After implementation, CancelRx would automatically receive, match, discontinue, and communicate any changes to the prescription within the patient’s record. If the system was not able to match the prescription, CancelRx would notify the prescriber to follow up with the pharmacy about the prescription for manual updates. However, in more than half of the cases studied, pharmacists did not need to further investigate the CancelRx discontinuations.
“With CancelRx, I can confidently know that when I’m stopping a medication in the clinic, the pharmacy will be immediately prompted to not distribute it,” says Kleinschmidt.
Enhancing patient care
Although workflows are changing behind the scenes, the only difference for patients will be the improved safety and accuracy of their prescription orders.
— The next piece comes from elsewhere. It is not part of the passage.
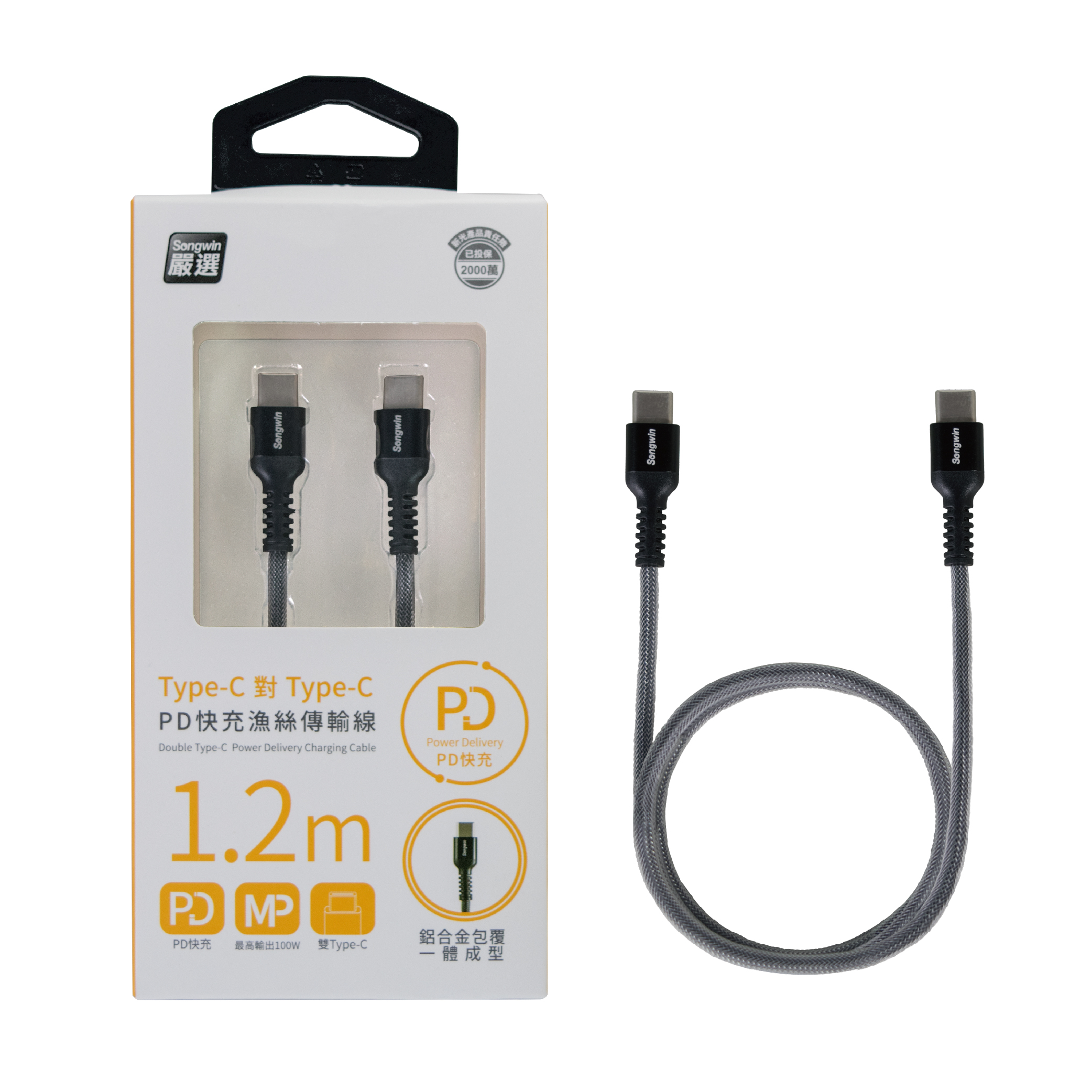 TC-CH Type-C對Type-C PD快充漁絲傳輸線(1.2米)

“The beauty of CancelRx is that it’s something that works behind the scenes to help prescribers and pharmacists improve patient safety, while being pretty much invisible to patients,” Chui shares.
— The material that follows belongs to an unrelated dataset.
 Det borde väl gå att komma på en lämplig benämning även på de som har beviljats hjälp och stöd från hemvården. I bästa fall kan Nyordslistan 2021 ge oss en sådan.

Now, with real-time prescription updates between prescribers and pharmacies, there are fewer discrepancies, which takes some pressure off the patient’s shoulders.
“This automated system makes it easier on my patients, too. Sometimes, they can struggle to understand what medication they should be taking, or I give them a note with instructions to share with their pharmacist,” says Kleinschmidt. “That’s an incredibly vulnerable process, and CancelRx helps to eliminate that vulnerability.”
The School’s pioneering research has led CancelRx to be applied in over 70 percent of health systems in the United States — a number which Chui, Watterson, and Kleinschmidt hope will increase to 100 percent in the near future. However, CancelRx isn’t the only project the School is developing to change the workflow in pharmaceutical practices.
Currently, Watterson and Kleinschmidt are coinvestigating a new project called RxFill, which streamlines the flip side of pharmacy-prescriber communications: It sends information from the pharmacy to the clinic to notify the doctors that the prescription has been filled.
“Like this project with CancelRx showed, there’s no real communication between pharmacies’ and clinics’ patient records,” says Watterson. “This is the next step in creating a volley of messages between these two systems.”
The CancelRx study provides a foundation that shows how pharmacists and providers can adapt technology to increase patient safety and streamline their work, freeing up time to focus on patient-oriented tasks.
“The beauty of healthcare is that there’s human beings involved. It’s not robots,” says Chui. “Human beings can evolve and make things more efficient, and what this paper did is demonstrate the evolution of how pharmacists adapt to interventions like technology. We can use this study as a roadmap for exploring the healthcare workflow and making further impacts.”